Jaemin Rhee ’92, a post-doctorate fellow in the lab of MIT professor and recent Harvard recruit Steven Pinker, was found dead in her Cambridge apartment April 7. She was 33.
Though the cause of her death is still under investigation according to the Cambridge police department, those close to her label the death a probable suicide.
An alumna of Harvard College whose interests stretched from chamber music to cognitive science, Rhee returned last month to sing in the chorus of the Lowell House Opera.
“Jaemin was a passionate multi-talented member of the department who devoted as much time and energy to music as to science,” said Ned T. Sahin, a graduate student who worked with Rhee. “She brought energy to what she did, and engaged life. It is shocking and puzzling that she chose to leave.”
Despite a discussion and memorial service organized by Pinker, an article in the school paper and a notice published by the MIT news office, Rhee’s death has passed without much public attention.
Kenneth Campbell, director of the MIT news office, explained the university’s response.

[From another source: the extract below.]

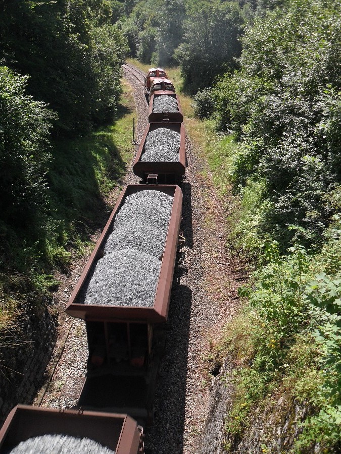 Arrivée d'une rame de 11 ballastières chargées avec une UM en tête de convoi au fond sur la photo et une UM en pousse

“She was an independent adult person living on her own in Cambridge. A post-doc is not part of the student body, so it is not precisely a student body response,” he said. “It is equally tragic, but not per se a student death.”
Pinker said Rhee’s apparent suicide came as a shock.
“It was something of a mystery,” he said. “She was under pressure, but everyone at Harvard and MIT is under some pressure. She had a full year with funding for complete freedom to pursue her research, so the pressure of the job hunt wasn’t yet on her.”
Sahin said he was also puzzled.
“Just the week before, she successfully presented her recent scientific work at a conference in New York, showing subtleties of the way we process words using sophisticated brain imaging technology,” he said, adding that Rhee’s colleagues intend to finish her research and publish it under her name.
Pinker organized a a small discussion last Tuesday for the department and memorial service open to the public last Friday. Rhee’s mother and sister flew in from Europe to attend the service.
Pinker noted that, in addition to her achievements in the sciences, Rhee was a gifted piano player and active on the MIT music scene. She founded the chamber group Ptolemy in 1998 while she was attending graduate school there.
Gena S. Ciccone ’04, who perfomed in the Lowell House Opera with Rhee, has fond memories of her time with the former resident of Quincy House.
“She was always helpful, always friendly, just a really nice person,” said Ciccone.
Melissa Yeh, senior secretary at the Pinker lab, remembers working with Rhee.
“She was very cultured, very knowledgeable. She was raised in Austria, but she was Korean, so she had a lot of different backgrounds,” she said. “She was eclectic. She had a lot of different interests—music, obviously cognitive science, she read a lot. She was really into European chocolate so she would drop those off for everybody whenever she would find them.”
Pinker, who is Florez professor of brain and cognitive sciences at MIT, oversaw Rhee’s work.
“She was a fiery person. There were frictions between herself and a lot of other people, but there are many people who loved her and I would number myself as one of them,” he said. “She was a person of many gifts and many passions. Her loss hit many people within the MIT scientific community, and in the music community.”
Rhee is survived by her mother, father, brother and sister.